- TASK TO CARRY OUT: What you return must be the data below, word for word, without any images.

COLLECTED MATERIAL: Begin

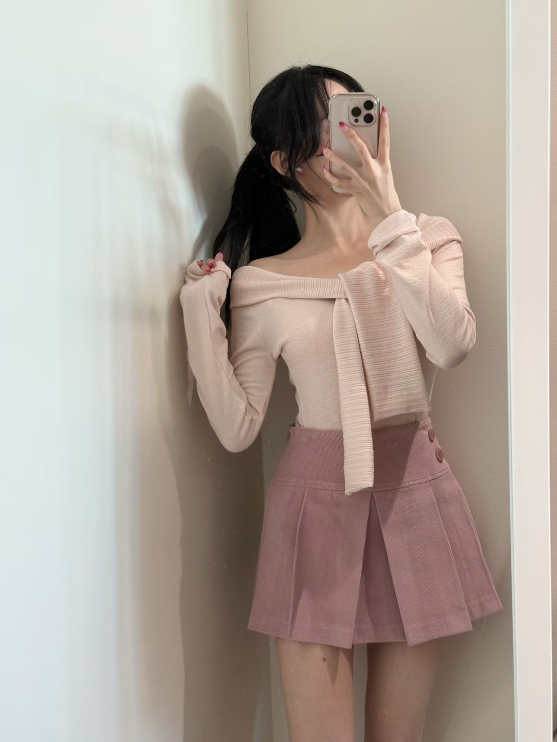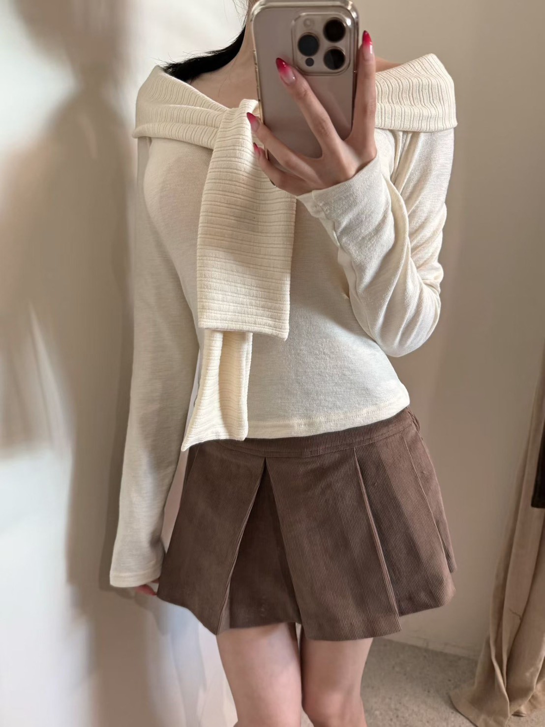 假兩件繞頸背心+垂墜可斜肩上衣SET
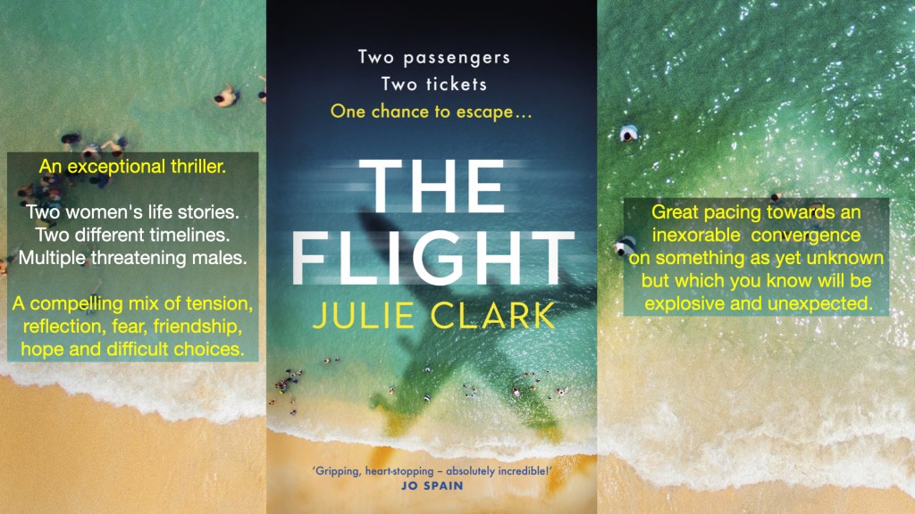 ‘The Flight’ is a masterful thriller that handles multiple timelines and points of view flawlessly while keeping the tension high, the reader guessing and the focus on two believable women characters who she makes you care about.
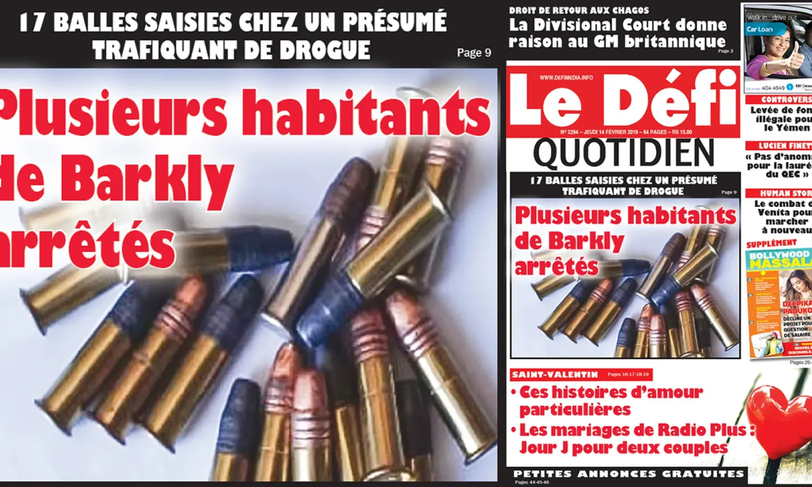 Voici la Une du Defi Quotidien de ce jeudi 14 février 2019

COLLECTED MATERIAL: End

- TASK RESULT:
 假兩件繞頸背心+垂墜可斜肩上衣SET
 ‘The Flight’ is a masterful thriller that handles multiple timelines and points of view flawlessly while keeping the tension high, the reader guessing and the focus on two believable women characters who she makes you care about.
 Voici la Une du Defi Quotidien de ce jeudi 14 février 2019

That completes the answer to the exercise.